In 2013, Elisa Lam was found at the bottom of a large water tank atop LA’s Cecil Hotel. The exact sequence of events is still a subject of debate, but what made the case particularly eerie were the details that were revealed to the public throughout the investigation. First was the chilling security footage showing Lam entering and exiting an elevator several times while mashing buttons for different floors, waving her hands, peeking down the hallway, and occasionally retreating to the far corner as if hiding from someone or something. Then came the flood of conspiracy theories that strung tenuous connections between unrelated but nonetheless unsettling facts concerning tuberculosis tests, late-20th century serial killers, and a 2002 Japanese horror film.

Fly in the Trap, UK black metal band Spider God's debut album, touches on these elements and more, taking listeners on a tour of the Cecil hotel and the minds of the major players, including Elisa Lam herself. Like most true-crime narratives, the album mixes fact, fiction, and speculation to weave a haunting yet poignant tale. Just as Lam and the detectives assigned to her case found themselves lost in the hotel’s hallways, one cannot resist the album’s morbid, magnetic pull.

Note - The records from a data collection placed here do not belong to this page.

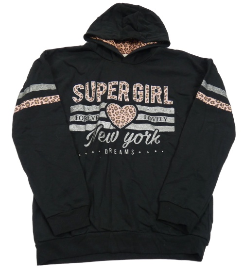 Čierna mikina s nápismi a srdiečkom a cvokmi a pruhmi a kapucňou LC WaIKIKI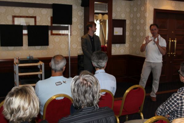 La sala allestita da Marantz Italy ha ospitato Dan Poulton di Cambridge Audio e Alberto Sabbatini di Astri. Il primo ha dimostrato le peculiarità dei nuovi trasduttori BMR progettati per i diffusori Aeromax 2 e Aeromax 6 e le nuove possibilità dello Stream Magic 6 V2 (ora utilizzabile con Spotify Connect) collegato al finale di potenza 651W. Alberto Sabbatini ha invece interpretato la sala d'ascolto come protagonista del sistema audio dimostrando come attraverso l'utilizzo di pannelli posizionati in modo corretto si possano ottenere importanti miglioramenti anche su sistemi audio di prezzo contenuto come quello proposto da Cambridge Audio.
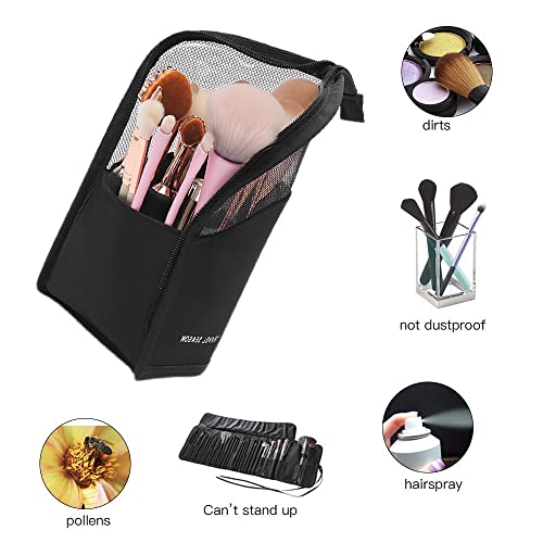 ◆ Materiale Eccellente: Il sacchetto della spazzola del trucco è realizzato in materiale di fibra di poliestere di alta qualità, il supporto della spazzola del trucco è durevole, pieghevole, impermeabile e facile da pulire e pulire con cerniera forte e liscia.

What makes Fly in the Trap even more alluring is the seemingly never-ending stream of hypnotic melodies that have come to define Spider God’s brand of black metal. The band’s previously established pop sensibilities are sharpened to a veritable knife-point by stampeding blast beats, soaring tremolo riffs, chiming synths, and ragged snarls–or perhaps it’s the other way around, as “G., Spider God's driving force, [...] applies pop's melodies as if they're eyeliner, blush, and lipstick to black metal's proverbial corpse-painted face” (to quote Colin Dempsey’s excellent breakdown of the title track). Each of the album’s macabre vignettes is punctuated and counterpointed by this fiercely, almost brazenly catchy songwriting, lending the narrative a constant sense of urgency that will leave listeners breathless.

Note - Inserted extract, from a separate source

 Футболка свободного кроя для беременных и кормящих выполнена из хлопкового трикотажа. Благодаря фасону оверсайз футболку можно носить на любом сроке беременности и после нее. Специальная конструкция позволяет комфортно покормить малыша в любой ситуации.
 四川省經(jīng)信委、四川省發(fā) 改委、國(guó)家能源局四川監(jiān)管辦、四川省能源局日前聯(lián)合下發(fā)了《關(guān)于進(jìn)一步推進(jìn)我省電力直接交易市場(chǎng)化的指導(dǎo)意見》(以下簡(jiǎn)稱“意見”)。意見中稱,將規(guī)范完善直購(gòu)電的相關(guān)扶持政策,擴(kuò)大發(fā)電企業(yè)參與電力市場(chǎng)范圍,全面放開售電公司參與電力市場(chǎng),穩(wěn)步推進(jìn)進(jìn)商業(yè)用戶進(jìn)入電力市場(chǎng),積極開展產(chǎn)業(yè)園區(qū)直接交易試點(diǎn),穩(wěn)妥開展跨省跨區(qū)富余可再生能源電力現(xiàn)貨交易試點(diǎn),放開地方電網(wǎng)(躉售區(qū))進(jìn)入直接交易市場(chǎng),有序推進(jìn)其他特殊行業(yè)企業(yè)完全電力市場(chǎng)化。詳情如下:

Below, you can stream the album ahead of its Friday release and read a statement from G. detailing their primary inspirations.

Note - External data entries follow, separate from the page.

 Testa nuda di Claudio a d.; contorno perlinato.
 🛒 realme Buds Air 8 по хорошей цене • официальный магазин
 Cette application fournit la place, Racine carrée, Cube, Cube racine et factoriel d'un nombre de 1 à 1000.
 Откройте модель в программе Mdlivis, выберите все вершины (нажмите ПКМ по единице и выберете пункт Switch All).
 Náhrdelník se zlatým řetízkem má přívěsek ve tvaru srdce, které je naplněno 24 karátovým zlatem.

The elevator doors are open. Do you dare to step outside?

–Alex Chan

When asked about the album’s writing process, G. had this to say:

During the Covid-ridden summer of 2021, I took a deep dive into the Elisa Lam case, becoming more and more obsessed with the theories surrounding her disappearance. Each song is told from a different perspective, including an insomniac police officer ("Flies in the Trap"), a desperate web sleuth ("The Fifty Second Murderer" and "Labyrinth of Hallways"), and even Elisa herself ("Traces of Hubris," "The Hermit and Hiroshima Mon Amour"). Elisa’s blog is still online, and I used a lot of direct quotations in the lyrics (in fact, the whole of The Hermit is lifted almost verbatim from her own posts), which lends the tracks an eerie authenticity. There are references to various conspiracy theories throughout the album, such as the Missing 50 Seconds theory, Invisible Light Company Cloaking theory and the uncanny parallels to Dark Water, as well as literary references inspired by her tumblr blog, like the Salmon Rushdie quote on her gravestone and links to Macbeth, Yeats’ poetry, The Great Gatsby, Ariadne’s thread and Frida Kahlo's final words. Even the album art contains clues and enigmas if you look closely enough. There’s a lot to unpack (too much for this summary) but my hope is that a few interested fans will follow me down the rabbit hole.

Fly in the Trap releases Friday, November 11th, on Repose Records.